| SUPPLIED INFORMATION |
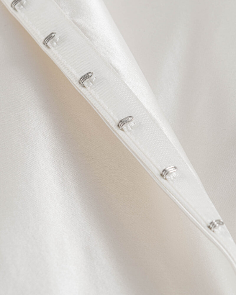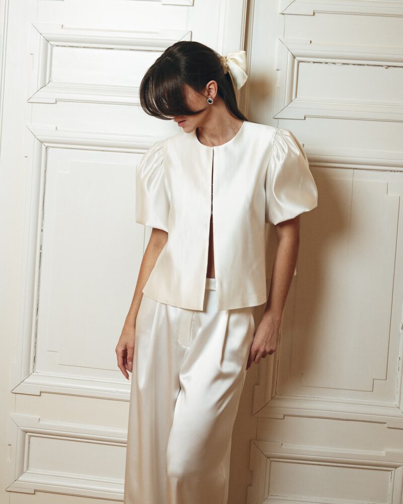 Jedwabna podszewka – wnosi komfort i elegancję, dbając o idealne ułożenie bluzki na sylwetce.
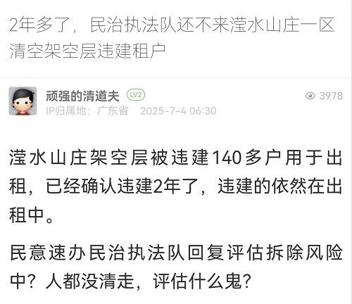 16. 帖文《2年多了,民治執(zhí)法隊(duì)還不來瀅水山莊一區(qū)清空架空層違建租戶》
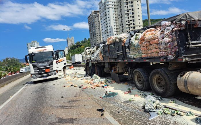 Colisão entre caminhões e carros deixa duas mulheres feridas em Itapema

| TASK INSTRUCTIONS |
Could you print the listing above exactly, without the pictures?

| RESULT BELOW |
 Jedwabna podszewka – wnosi komfort i elegancję, dbając o idealne ułożenie bluzki na sylwetce.
 16. 帖文《2年多了,民治執(zhí)法隊(duì)還不來瀅水山莊一區(qū)清空架空層違建租戶》
 Colisão entre caminhões e carros deixa duas mulheres feridas em Itapema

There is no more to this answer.